# How much heat does a 250 watt and 400 watt HPS bulb emit?



## Crypnotic (Aug 3, 2010)

I want to upgrade my grow room with 400 watt or 250 watt HPS light. Heat is a big concern for me. I live in FL the temps are very high. My grow room is a 6x2x10 space, but i will only grow in 2 or 3 feet of it, but I have the entire space to use for the dispersion of heat. I'm looking for quantified answers or applied practical knowledge (i.e. "I used a 250 watt in my 2x2x8 room and it raised the temp by 15 degrees w/out ventaliation). I have the following questions:

1. How much heat does a 250 watt bulb emit? (how many degress does it raise the room. How much heat does it emitt per sq. ft.?)
2. How much heat does an average reflector add to the heat of a 250 watt bulb? 
3. How much heat does a 4000 watt bulb emit?
4. How much heat does an average reflector add to the heat of a 400 watt bulb? 

Once again, I'm looking for quantified/applied answers. Everyone should know the demensions of their grow space. Everyone should know the temp of the room w/ and w/out the lights on. _*Please let me know what size space you grow in and how much the temp it raised w/ out venting the air*_ 

Thanks guys.


----------



## Crypnotic (Aug 3, 2010)

I was doing some reading and I saw a post of grow room 2x3x72 and his 400 hps raised his temp by 30 degrees. Anyone want to share their experiences?


----------



## Scott187 (Aug 3, 2010)

i dont know about a lower bulb, but my 400 watt is about 73 at night and around 88 being very high at night, with just 1 fan


----------



## skidwaykush (Aug 3, 2010)

i dont have exact figures but i use a 600 watt mh and it feels as if im on the roof of a house sun tanning. i recomend a air conditioner or really good ventilation or a simple combination of the two my area is 4x4x8 used for only 1 plant and lots of branchs or hydro totes with 6 plants in each this is a older version now upgraded many times hope this helps at all i know my light raises temps sometimes in 18 to 25 above the light with no cooling or ventilation room i recomend couple of feet for fan etc. outside temp and humidity have alot to do with it hope this helps and good luck


----------



## skidwaykush (Aug 3, 2010)

my bulb also helps heat in winter, the air, water, and soil


----------



## meezy4tw (Aug 3, 2010)

I have a 250w hps in my closet. My space is 4wide-2feet deep-6feet tall. I only use oscillating fans for air due to having a double sliding door for the closet, I use one 16 inch fan and two 10 inch fans. Without the light on my area is about 68-73. If I have the light on with no fans, room temp gets about 90-95. With the fans it stays at around 77-83 degrees. I actually think this is still too warm for plants so I'm currently planning on getting some better ventialtion.

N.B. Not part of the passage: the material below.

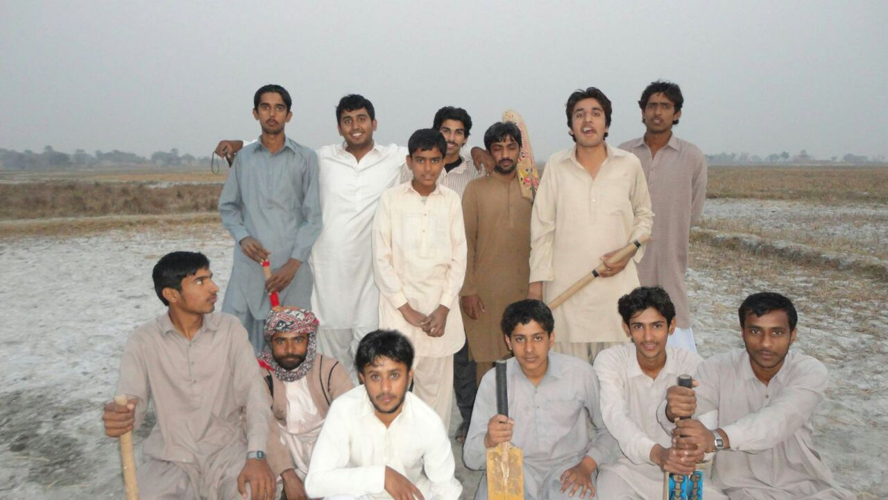 Sharifani People Cricket Team

If you plan on doing a personal grow in a space of 3x3 a 250 watt should be fine, but a 400 will work too.


----------



## Crypnotic (Aug 3, 2010)

Thanks guys. My grow room already stays at an average of 84 degrees w/ on 10' fan with my cfls. So it looks like I can expect anywhere from 15 to 30 temp raise w/ a 400 hps. Wonder if running light w/ out a reflector would lower the temp any? I'm sure it does but not sure by how much.


----------



## Rusko (Aug 3, 2010)

cool tube but careful with ducting,fires.


----------



## skidwaykush (Aug 3, 2010)

im on the same page as meezy on this one they have lots of nice inline fans and lots of things to choose i always go with my best judgement and always be fire safe i ve had a house fire before and it wasnt pretty it wasnt related to growing but easily could have been.


----------



## purplehazin (Aug 3, 2010)

I'll just give you an example of how my setup is temp wise.

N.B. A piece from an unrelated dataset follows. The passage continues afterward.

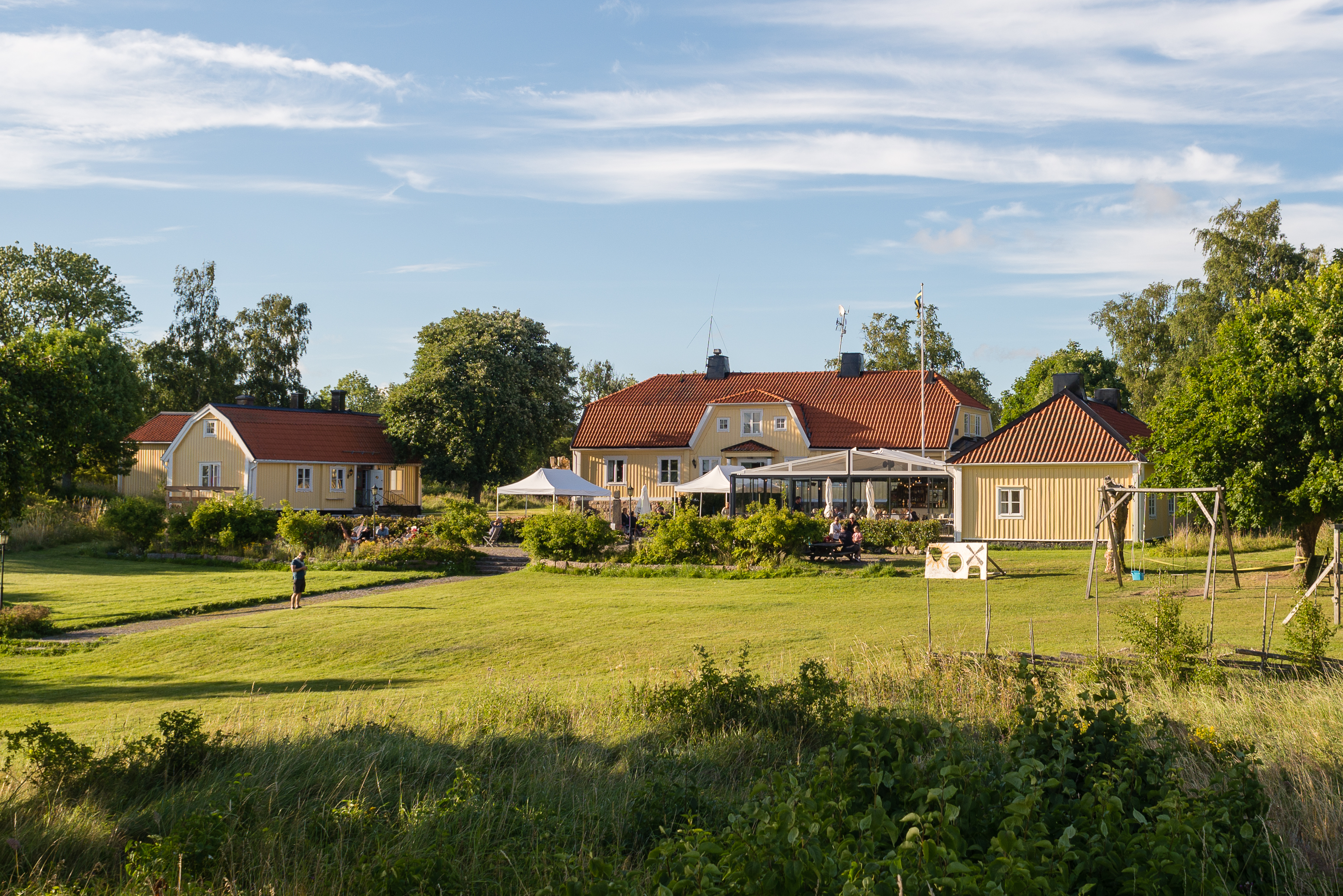 Lidö herrgård (manor) on the island Lidö in Stockholm archipelago.

I have a 400W HPS with a homemade cooltube. A 400CFM fan sucks through it. Lets say the ambient room temp is 78F before I turn the light on. If I were to have that running with no other fans blowing over the plants then the temp on the canopy would go up to about 95F. Once you add an oscillating fan to blow over the canopy, that drops down to 90F, then factor in some AC, and my 2x3x5 cab stays about 83-87F with the light on.


----------



## Rusko (Aug 4, 2010)

im about to use a 400w in a room like that size,i was worried about heat but i should b good..gettin some good ideas


----------



## Rusko (Aug 4, 2010)

sounds legit purplehazin.my 400w is coming in today! cant wait to set it up.i was worried for awhile about heat and fires....BUT ive heard alot of people talkin about ther 400w setup and how they dont have real good exhaust or intake and all is well....im goin to have multiple fans..some ducting and a inline duct fan 500cfm for exhaust
home made cool tube sweet.i orderd a batwing soo a cool tube would b nice for my closet setup.ANY TIPS?


----------



## Crypnotic (Aug 4, 2010)

Very cool. thanks guys for the input it really helps.


----------



## BTK3ill (Nov 8, 2012)

how much more heat does a 400 give off compared to a 250 anyone know?


----------